*Requirement*.
Set down every entry again word for word, please, but skip the pictures.

*Dataset records*.

§ §

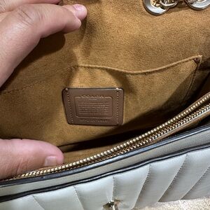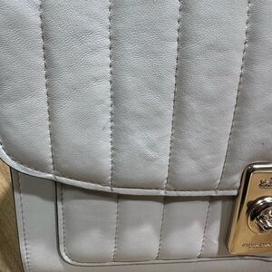 Chic white quilted shoulder bag by Coach. Features a gold chain-and-leather strap. Front turn-lock hardware in gold. Structured silhouette with vertical quilting.
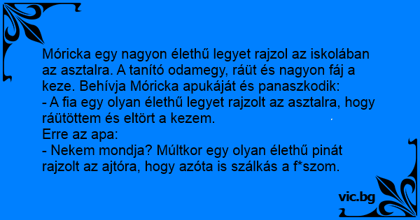 - Nekem mondja? Múltkor egy olyan élethű pinát rajzolt az ajtóra, hogy azóta is szálkás a f*szom.
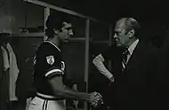 He went 51 with nine saves and a 2.50 earned run average (ERA) with the Angels in 1971 before being traded to the Twins for Leo Cárdenas at the Winter Meetings on November 30.[5] During his time as a player representative with the Twins LaRoche had a reputation as a troublemaker. According to Twins public relations director Tom Mee, LaRoche "complained about everything. In fact, they filed a grievance about the choice of ice cream we had in the clubhouse. [He] loved to agitate, and it was not right." According to Rod Carew, "He was always negative about everything in the locker room. I finally got tired of it one night...we were having a team meeting and he was constantly interrupting people. I said to him, 'Just shut up and listen to what the guys have to say.' He asked what I was going to do about it, so I challenged him to a fight. There was a broom closet in the back of the clubhouse. I opened its door, turned on the light and said, 'Come on, let's go in.' As soon as he walked in, I turned off the light, closed the door and whaled away at him." According to Twins teammate Bert Blyleven, "A reporter asked him why he wanted to be player rep and Dave said, 'Because all the player reps under Calvin Griffith get traded.'"[6] He was traded from the Twins to the Chicago Cubs for Bill Hands, Joe Decker and minor‐league pitcher Bob Maneely on December 1, 1972.[7]
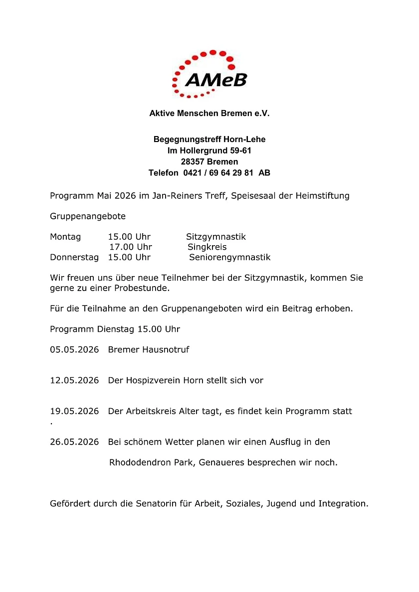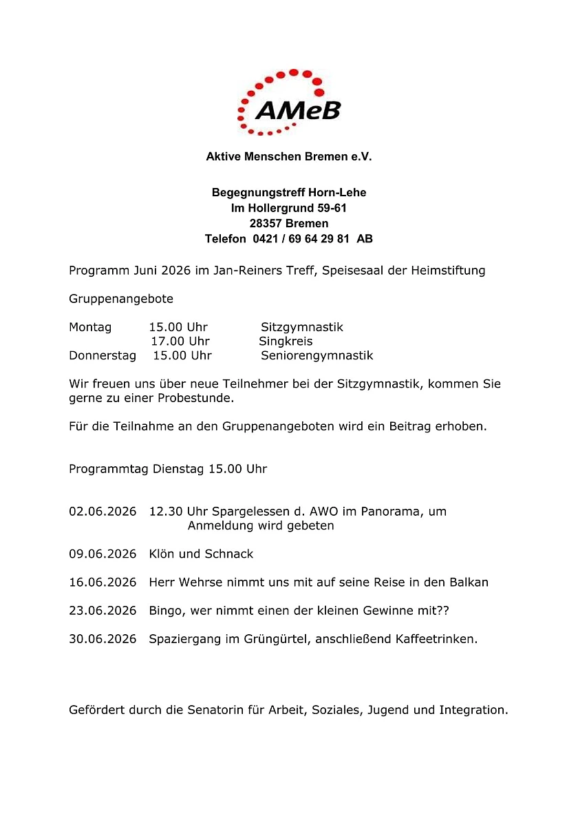 An dieser Stelle präsentieren wir aktuelle Veranstaltungen und Angebote aus den Institutionen des Stadtteils Horn-Lehe und interessante Angebote aus der Region.
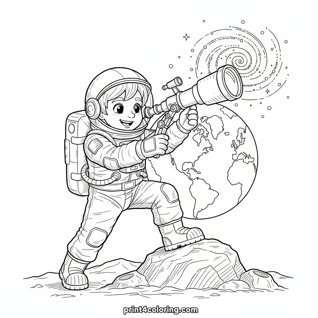 Embark on an interstellar adventure with a friendly young astronaut! Perched on a moon rock, our explorer peers through a powerful telescope, discovering a magnificent swirling galaxy. Earth shines softly in the distance, reminding us of home. A fantastic coloring challenge for aspiring space travelers!
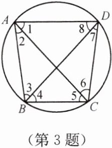 3. 如图,点A、B、C、D在同一个圆上,$AD// BC$,四边形ABCD的对角线把4个内角分成8个角,这些角中哪些是相等的角?
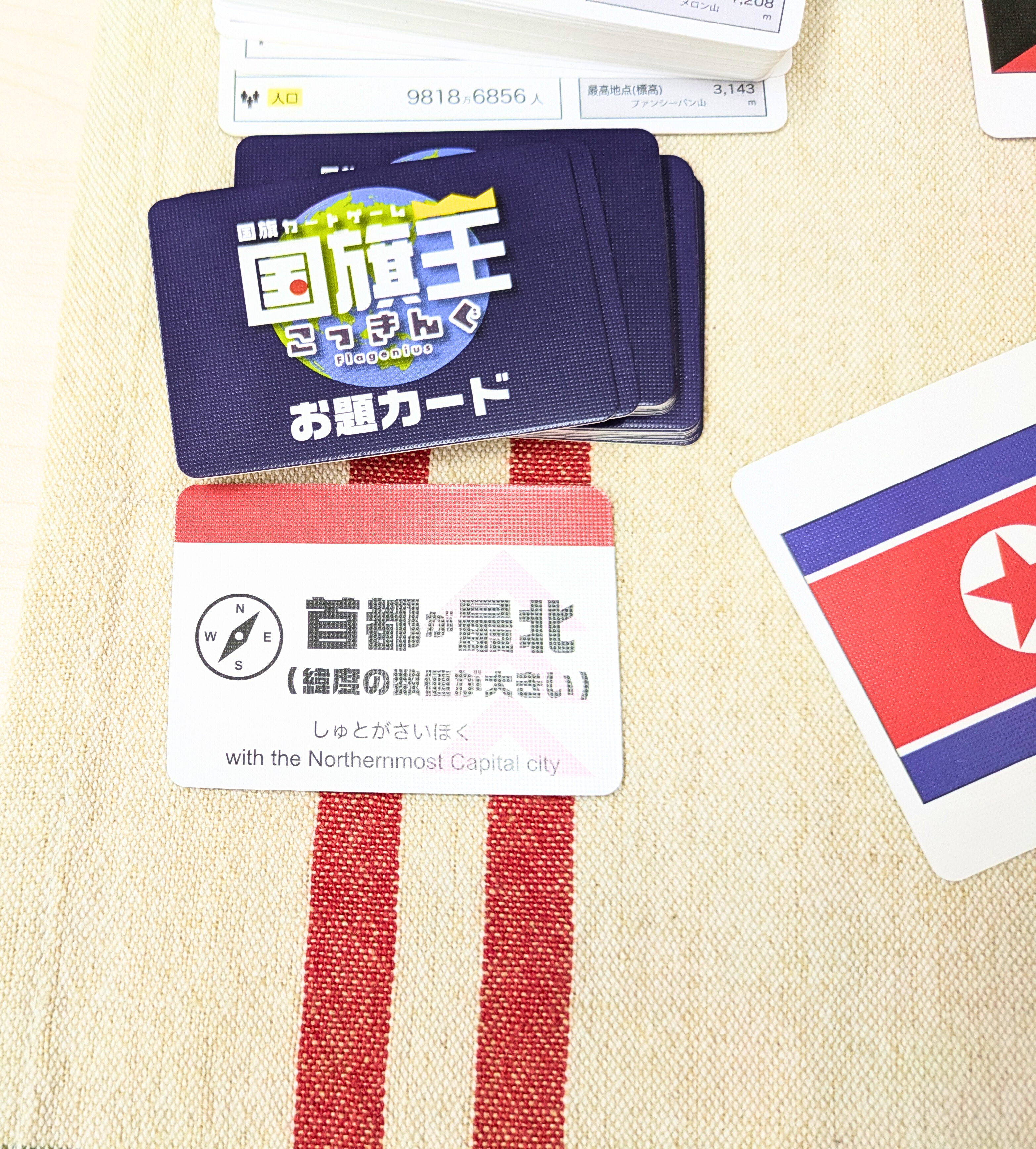 国旗王は、お題に沿った国を手元にある国から選んで勝負する国旗カードゲームです。

§ §

*Exercise output*.
 Chic white quilted shoulder bag by Coach. Features a gold chain-and-leather strap. Front turn-lock hardware in gold. Structured silhouette with vertical quilting.
 - Nekem mondja? Múltkor egy olyan élethű pinát rajzolt az ajtóra, hogy azóta is szálkás a f*szom.
 He went 51 with nine saves and a 2.50 earned run average (ERA) with the Angels in 1971 before being traded to the Twins for Leo Cárdenas at the Winter Meetings on November 30.[5] During his time as a player representative with the Twins LaRoche had a reputation as a troublemaker. According to Twins public relations director Tom Mee, LaRoche "complained about everything. In fact, they filed a grievance about the choice of ice cream we had in the clubhouse. [He] loved to agitate, and it was not right." According to Rod Carew, "He was always negative about everything in the locker room. I finally got tired of it one night...we were having a team meeting and he was constantly interrupting people. I said to him, 'Just shut up and listen to what the guys have to say.' He asked what I was going to do about it, so I challenged him to a fight. There was a broom closet in the back of the clubhouse. I opened its door, turned on the light and said, 'Come on, let's go in.' As soon as he walked in, I turned off the light, closed the door and whaled away at him." According to Twins teammate Bert Blyleven, "A reporter asked him why he wanted to be player rep and Dave said, 'Because all the player reps under Calvin Griffith get traded.'"[6] He was traded from the Twins to the Chicago Cubs for Bill Hands, Joe Decker and minor‐league pitcher Bob Maneely on December 1, 1972.[7]
 An dieser Stelle präsentieren wir aktuelle Veranstaltungen und Angebote aus den Institutionen des Stadtteils Horn-Lehe und interessante Angebote aus der Region.
 Embark on an interstellar adventure with a friendly young astronaut! Perched on a moon rock, our explorer peers through a powerful telescope, discovering a magnificent swirling galaxy. Earth shines softly in the distance, reminding us of home. A fantastic coloring challenge for aspiring space travelers!
 3. 如图,点A、B、C、D在同一个圆上,$AD// BC$,四边形ABCD的对角线把4个内角分成8个角,这些角中哪些是相等的角?
 国旗王は、お題に沿った国を手元にある国から選んで勝負する国旗カードゲームです。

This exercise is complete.